> [Problem statement]: Transcribe the records in full; omit images.

> [Source material]:
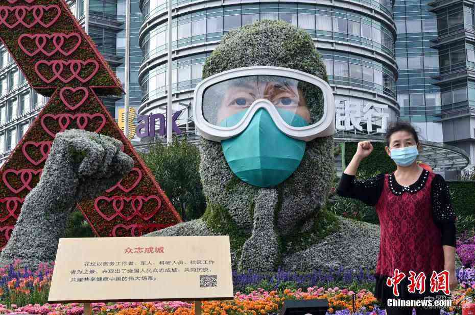 9月26日,市民在北京西單路口西南角《眾志成城》國(guó)慶主題花壇前拍照留念。
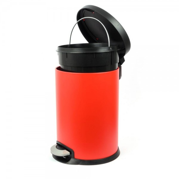 Стилен червен кош с педал и капак с функция за плавно спускане. Система на амортисьори гарантира безшумна работа на капака. Външният корпус на коша е метален и прахово боядисан в червен цвят. Отвътре има вътрешна пластмасова кофа с дръжка. Самият кош също има сгъваема външна дръжка разположена в задната част на пантата на капака.
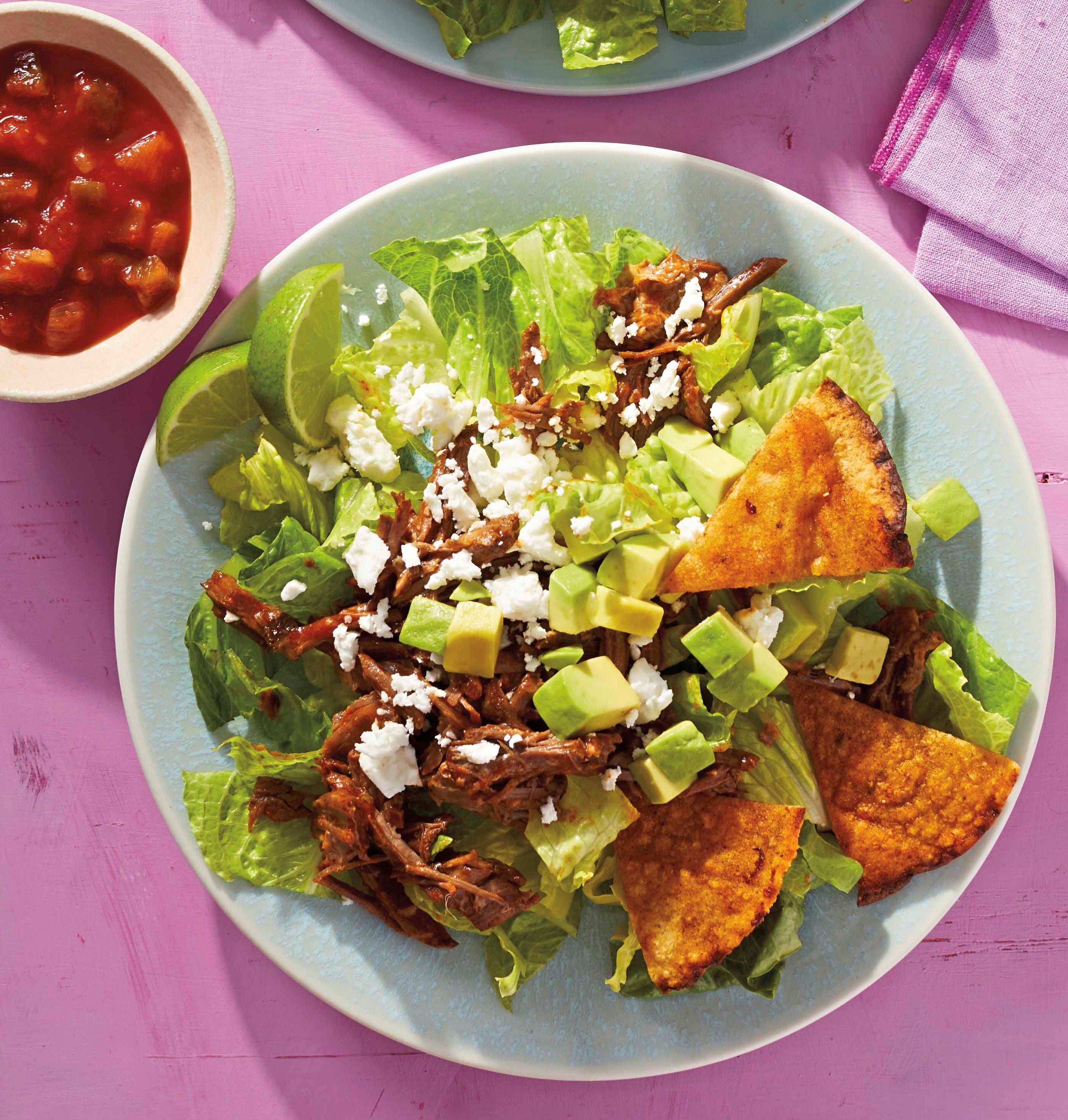 Birria taco's zijn tortilla's die zijn gevuld met gestoofd vlees, vervolgens in het smakelijke braadvocht worden gedoopt en tot slot worden gegrild totdat ze krokant zijn. We hebben hier een draai aan gegeven door er een salade van te maken. Houd de grill in de gaten zodat de tortilla's niet verbranden.
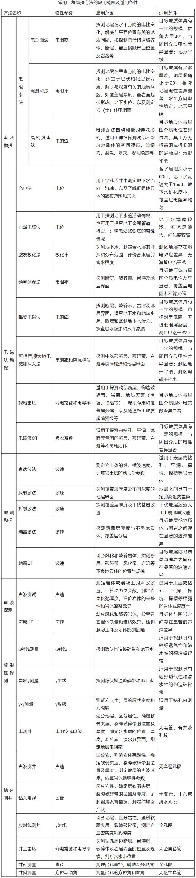 主要方法:电法(电阻率、探地雷达),地震波及声波测试(测井)、放射性测试
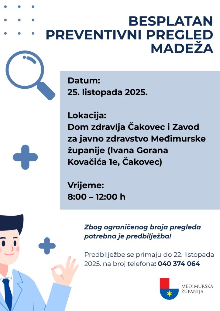 ČAKOVEC – Međimurska županija, u suradnji s Domom zdravlja Čakovec, županijskim Zavodom za javno zdravstvo te specijalistima dermatovenerologije iz Međimurja, organizira projekt posvećen zdravlju građana. Riječ je o besplatnom pregledu madeža s ciljem educiranja ljudi, te pravovremenog otkrivanja zloćudnih promjena – poručuju iz ureda međimurskog župana.
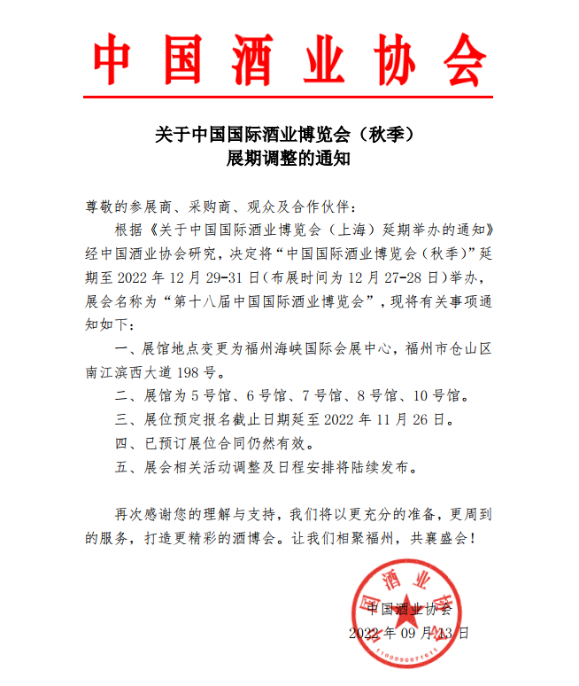 根据《关于中国国际酒业博览会(上海)延期举办的通知》经中国酒业协会研究,决定将“中国国际酒业博览会(秋季)”延期至2022年12月29-31日(布展时间为12月27-28日)举办,展会名称为“第十八届中国国际酒业博览会”,现将有关事项通知如下:
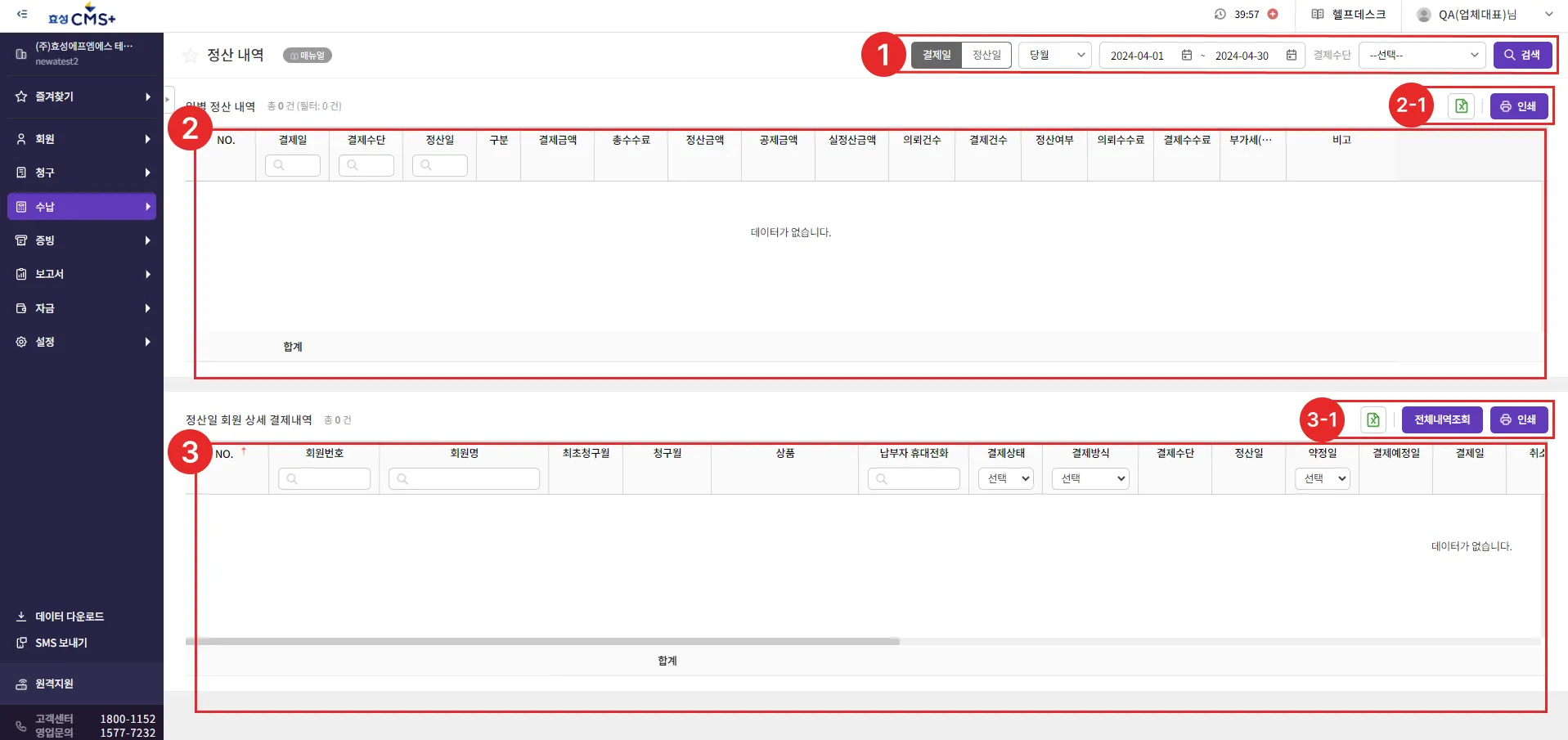 [수납 > 정산내역]에서 정산내역을 확인하고 해당 일자의 상세결제내역을 조회할 수 있습니다.
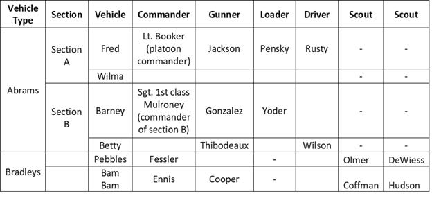 “Lieutenant Booker.” Mulroney approached, the four dismounted scouts from the two Bradleys in tow. “Olmer, DeWiess, Coffman, and Hudson, as requested, sir.” Mulroney stepped aside and swept a hand at the scouts, equipped with helmets and carbines. The scouts came to attention, and saluted.
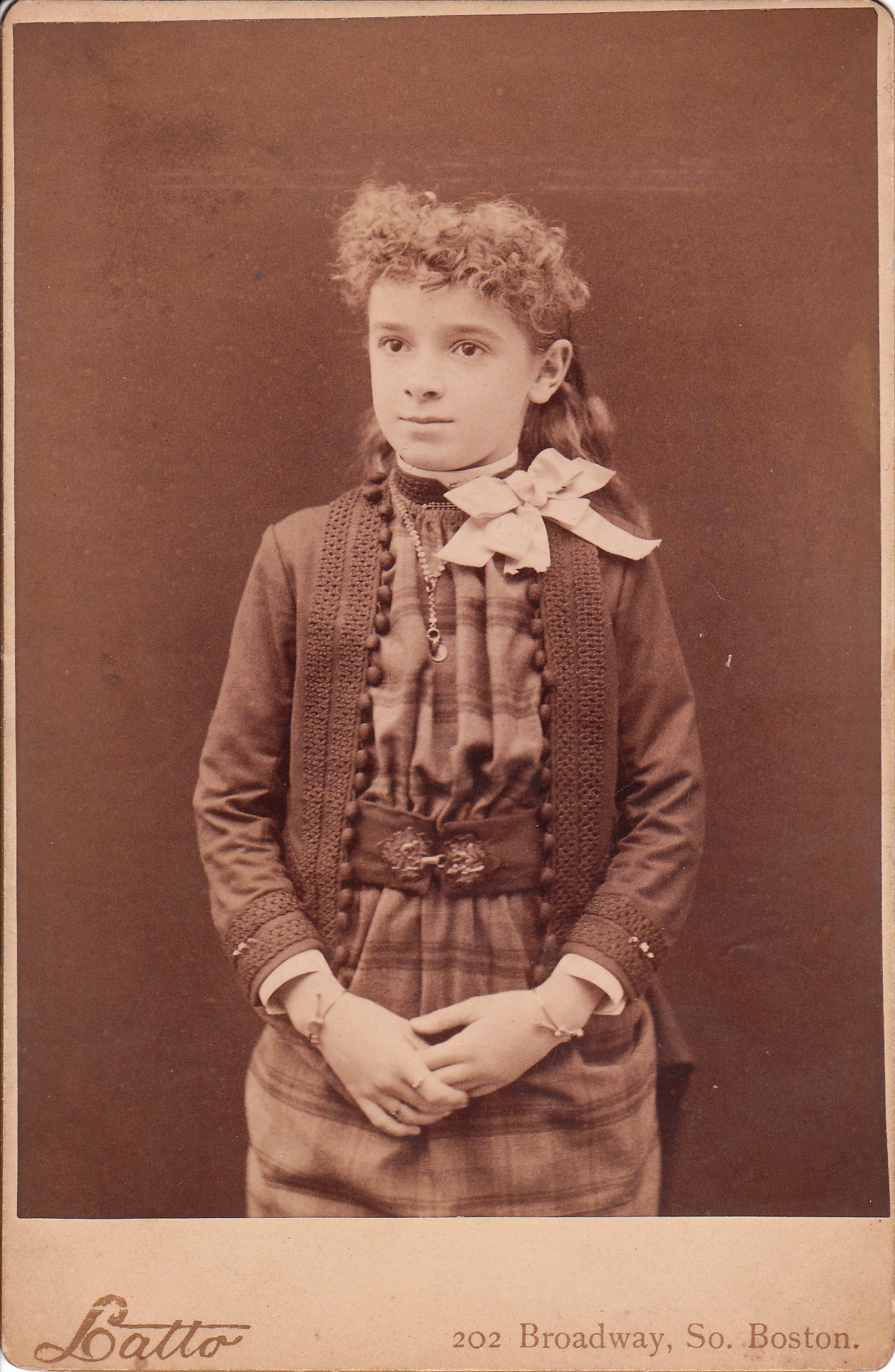 A cute girl poses for her portrait at the studio of Latto, of Boston, Massachusetts. The youth is wearing a lot of jewelry; including a necklace, bracelets, and rings. She is also wearing a ribbon as well as an interesting belt and button sweater. She has moderately long hair and it is quite curly. The photographer, John C. Latto is listed as a photographer in the 1873 Boston Directory. At that time, he was partnered with George T. Rand. A publication of the South Boston Citizen’s Association(1900) mentions the “recent” death of Latto and the sale of his business to photographer, Lester Ayer. The publication also cites Latto as one of the leading photographers of Boston.
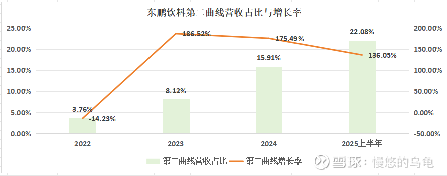从上表可看到:截止2025年年中年报,非能量饮料的营收占比从2022年的3.76%,提升到2025年22%。特别是电解质饮料近两年保持200%以上的增长。东鹏饮料第二增长曲线预计是未来保持营收增长的重要推动力。
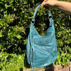 Auth 2005 Balenciaga Teal Turquoise Green Blue Chevre Day Shoulder Hobo Bag
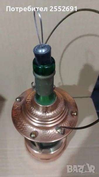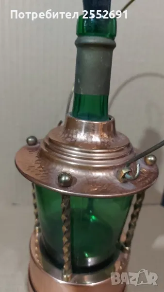 Винтидж красиво и стилно изделие от мед и месинг, вграждащо стъклена бутилка. В основата- работеща музикална кутия. Височина- 29см Диаметър на основата- 9,5см.
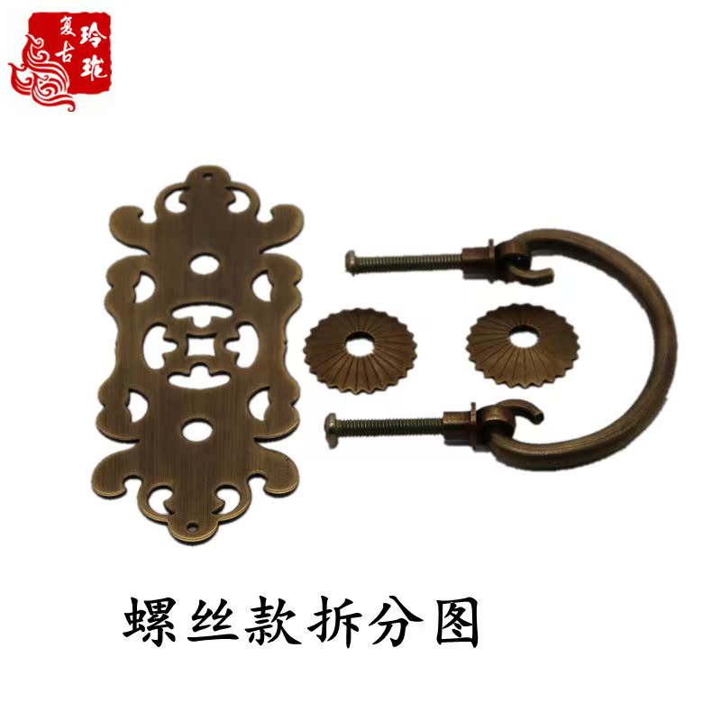 Chinese classical pure copper handle desk desk drawer hollow handle Ming and Qing furniture retro copper handle
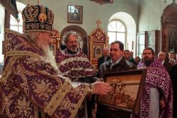В свою очередь, протоиерей Валентин Кострин от своего имени, от имени приходского совета и прихожан поблагодарил Его Высокопреосвященство за посещение храма и данные им наставления. «Это Ваш первый визит в наш храм, в наше благочиние. Мы Ваше святительское наставление будем исполнять, с помощью Божией, будем и дальше трудиться», — сказал священнослужитель.
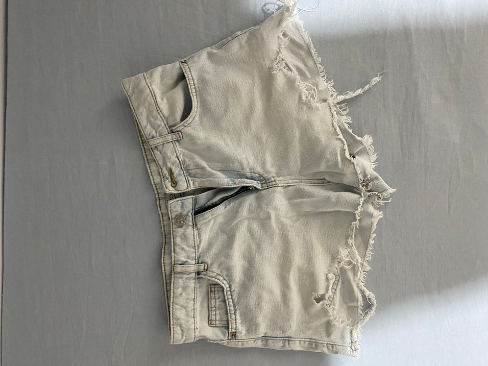 Cep fermuarlı, bol kesim bej midi jean şort, salaş sokak tarzı için tırtıklı kenarlarla. Günlük kullanıma uygun.
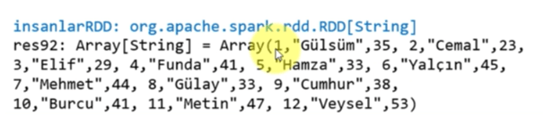 Val insanlarRDD = sc.textFile(“/user/dosya/insanlar.csv”)
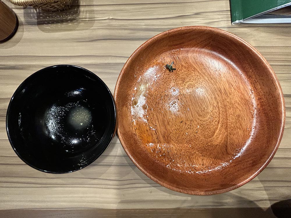 昼のピークを終えて待っている人は0人でしたが、ちょうど食事を終えて会計する人がどばっと出てきて、3分くらい待ってから案内してもらいました。
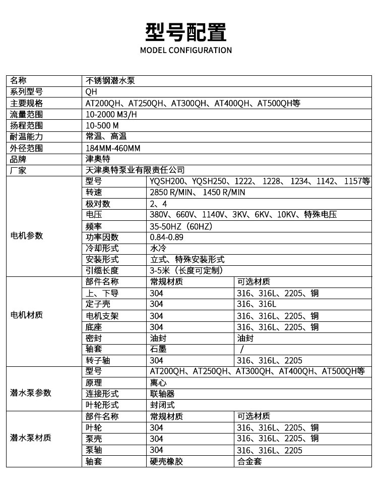 本公司不銹鋼潛水泵葉輪可選用鑄鐵 HT200 ,或耐腐蝕的不銹鋼 304、316、316L,甚至錫青銅材質,適配不同水質與工況。泵殼同樣有鑄鐵 HT200 和不銹鋼可選,堅固耐用。泵軸采用雙相不銹鋼 2205 ,或經1050℃調質處理、加強扭矩的不銹鋼 2GR13 ,保障傳動穩定性。密封采用橡膠密封 O形環與機器密封,有效防漏。適用于農田灌溉、工業取水、礦用搶險、城市供水、電廠冷卻水提取、鋼廠及井用等場景,為各類工程提供可靠的抽水解決方案。
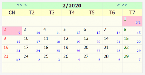 c. Ngày 14 tháng 2 là ngày thứ 6.
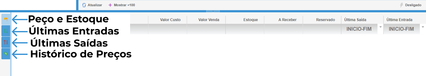 +Mostrar +100: Use este botão para carregar mais produtos na tela de uma só vez, facilitando a navegação em estoques grandes.
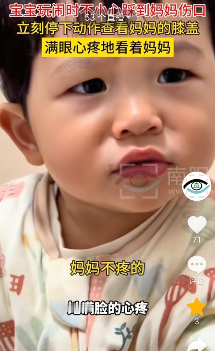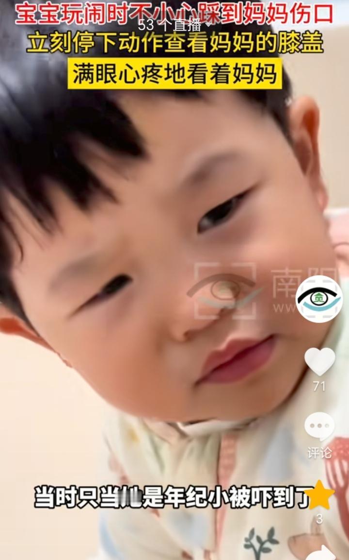 这是来报恩的!湖北武汉,妈妈带宝宝露营自己不小心摔倒,宝宝当场就急的大哭,当时妈妈还以为是宝宝年纪小被吓到了,后来两人在床上玩,宝宝不小心踩到妈妈摔伤的地方,她立刻停下动作查看妈妈膝盖,妈妈连忙说妈妈不疼,看到妈妈的伤处宝宝也是满脸的心疼。 像她这么小的宝宝能知道什么?然而这个宝宝这么小就知道心疼妈妈,以后肯定也是非常孝顺父母的好孩子,可能这宝宝就是来报恩的。 多行善事就会得到福报,可能女子一家福泽深厚因此得到上天眷顾,所以才降下了来报恩的宝宝。
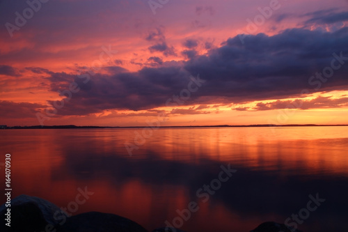 © Maryna, Fototapeta premium Amazing sunset over the lake.Landscape with a beautiful dramatic sunset sky after evening storm reflects in lake Mendota in the city of Madison Tenney Park,Wisconsin,USA.Long exposure horizontal shot.
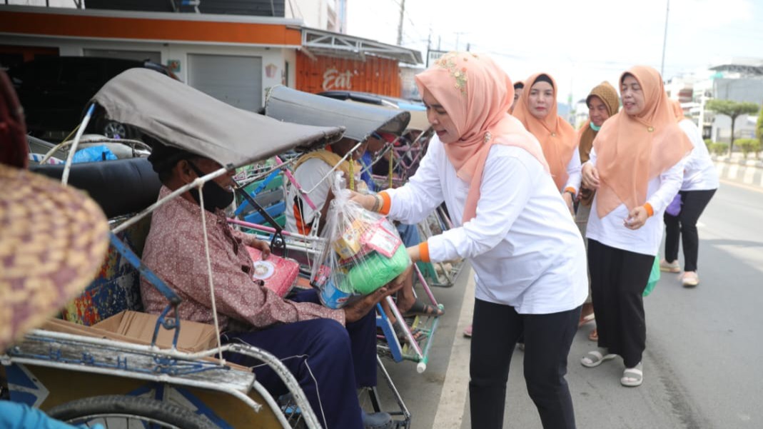 Aksi berbagi ini dipimpin langsung Ketua DWP Kabupaten Tanah Bumbu Hj Hasnah Mashude didampingi sejumlah pengurus.

> [Answer for this exercise]:
 9月26日,市民在北京西單路口西南角《眾志成城》國(guó)慶主題花壇前拍照留念。
 Стилен червен кош с педал и капак с функция за плавно спускане. Система на амортисьори гарантира безшумна работа на капака. Външният корпус на коша е метален и прахово боядисан в червен цвят. Отвътре има вътрешна пластмасова кофа с дръжка. Самият кош също има сгъваема външна дръжка разположена в задната част на пантата на капака.
 Birria taco's zijn tortilla's die zijn gevuld met gestoofd vlees, vervolgens in het smakelijke braadvocht worden gedoopt en tot slot worden gegrild totdat ze krokant zijn. We hebben hier een draai aan gegeven door er een salade van te maken. Houd de grill in de gaten zodat de tortilla's niet verbranden.
 主要方法:电法(电阻率、探地雷达),地震波及声波测试(测井)、放射性测试
 ČAKOVEC – Međimurska županija, u suradnji s Domom zdravlja Čakovec, županijskim Zavodom za javno zdravstvo te specijalistima dermatovenerologije iz Međimurja, organizira projekt posvećen zdravlju građana. Riječ je o besplatnom pregledu madeža s ciljem educiranja ljudi, te pravovremenog otkrivanja zloćudnih promjena – poručuju iz ureda međimurskog župana.
 根据《关于中国国际酒业博览会(上海)延期举办的通知》经中国酒业协会研究,决定将“中国国际酒业博览会(秋季)”延期至2022年12月29-31日(布展时间为12月27-28日)举办,展会名称为“第十八届中国国际酒业博览会”,现将有关事项通知如下:
 [수납 > 정산내역]에서 정산내역을 확인하고 해당 일자의 상세결제내역을 조회할 수 있습니다.
 “Lieutenant Booker.” Mulroney approached, the four dismounted scouts from the two Bradleys in tow. “Olmer, DeWiess, Coffman, and Hudson, as requested, sir.” Mulroney stepped aside and swept a hand at the scouts, equipped with helmets and carbines. The scouts came to attention, and saluted.
 A cute girl poses for her portrait at the studio of Latto, of Boston, Massachusetts. The youth is wearing a lot of jewelry; including a necklace, bracelets, and rings. She is also wearing a ribbon as well as an interesting belt and button sweater. She has moderately long hair and it is quite curly. The photographer, John C. Latto is listed as a photographer in the 1873 Boston Directory. At that time, he was partnered with George T. Rand. A publication of the South Boston Citizen’s Association(1900) mentions the “recent” death of Latto and the sale of his business to photographer, Lester Ayer. The publication also cites Latto as one of the leading photographers of Boston.
从上表可看到:截止2025年年中年报,非能量饮料的营收占比从2022年的3.76%,提升到2025年22%。特别是电解质饮料近两年保持200%以上的增长。东鹏饮料第二增长曲线预计是未来保持营收增长的重要推动力。
 Auth 2005 Balenciaga Teal Turquoise Green Blue Chevre Day Shoulder Hobo Bag
 Винтидж красиво и стилно изделие от мед и месинг, вграждащо стъклена бутилка. В основата- работеща музикална кутия. Височина- 29см Диаметър на основата- 9,5см.
 Chinese classical pure copper handle desk desk drawer hollow handle Ming and Qing furniture retro copper handle
В свою очередь, протоиерей Валентин Кострин от своего имени, от имени приходского совета и прихожан поблагодарил Его Высокопреосвященство за посещение храма и данные им наставления. «Это Ваш первый визит в наш храм, в наше благочиние. Мы Ваше святительское наставление будем исполнять, с помощью Божией, будем и дальше трудиться», — сказал священнослужитель.
 Cep fermuarlı, bol kesim bej midi jean şort, salaş sokak tarzı için tırtıklı kenarlarla. Günlük kullanıma uygun.
 Val insanlarRDD = sc.textFile(“/user/dosya/insanlar.csv”)
 昼のピークを終えて待っている人は0人でしたが、ちょうど食事を終えて会計する人がどばっと出てきて、3分くらい待ってから案内してもらいました。
 本公司不銹鋼潛水泵葉輪可選用鑄鐵 HT200 ,或耐腐蝕的不銹鋼 304、316、316L,甚至錫青銅材質,適配不同水質與工況。泵殼同樣有鑄鐵 HT200 和不銹鋼可選,堅固耐用。泵軸采用雙相不銹鋼 2205 ,或經1050℃調質處理、加強扭矩的不銹鋼 2GR13 ,保障傳動穩定性。密封采用橡膠密封 O形環與機器密封,有效防漏。適用于農田灌溉、工業取水、礦用搶險、城市供水、電廠冷卻水提取、鋼廠及井用等場景,為各類工程提供可靠的抽水解決方案。
 c. Ngày 14 tháng 2 là ngày thứ 6.
 +Mostrar +100: Use este botão para carregar mais produtos na tela de uma só vez, facilitando a navegação em estoques grandes.
 这是来报恩的!湖北武汉,妈妈带宝宝露营自己不小心摔倒,宝宝当场就急的大哭,当时妈妈还以为是宝宝年纪小被吓到了,后来两人在床上玩,宝宝不小心踩到妈妈摔伤的地方,她立刻停下动作查看妈妈膝盖,妈妈连忙说妈妈不疼,看到妈妈的伤处宝宝也是满脸的心疼。 像她这么小的宝宝能知道什么?然而这个宝宝这么小就知道心疼妈妈,以后肯定也是非常孝顺父母的好孩子,可能这宝宝就是来报恩的。 多行善事就会得到福报,可能女子一家福泽深厚因此得到上天眷顾,所以才降下了来报恩的宝宝。
 © Maryna, Fototapeta premium Amazing sunset over the lake.Landscape with a beautiful dramatic sunset sky after evening storm reflects in lake Mendota in the city of Madison Tenney Park,Wisconsin,USA.Long exposure horizontal shot.
 Aksi berbagi ini dipimpin langsung Ketua DWP Kabupaten Tanah Bumbu Hj Hasnah Mashude didampingi sejumlah pengurus.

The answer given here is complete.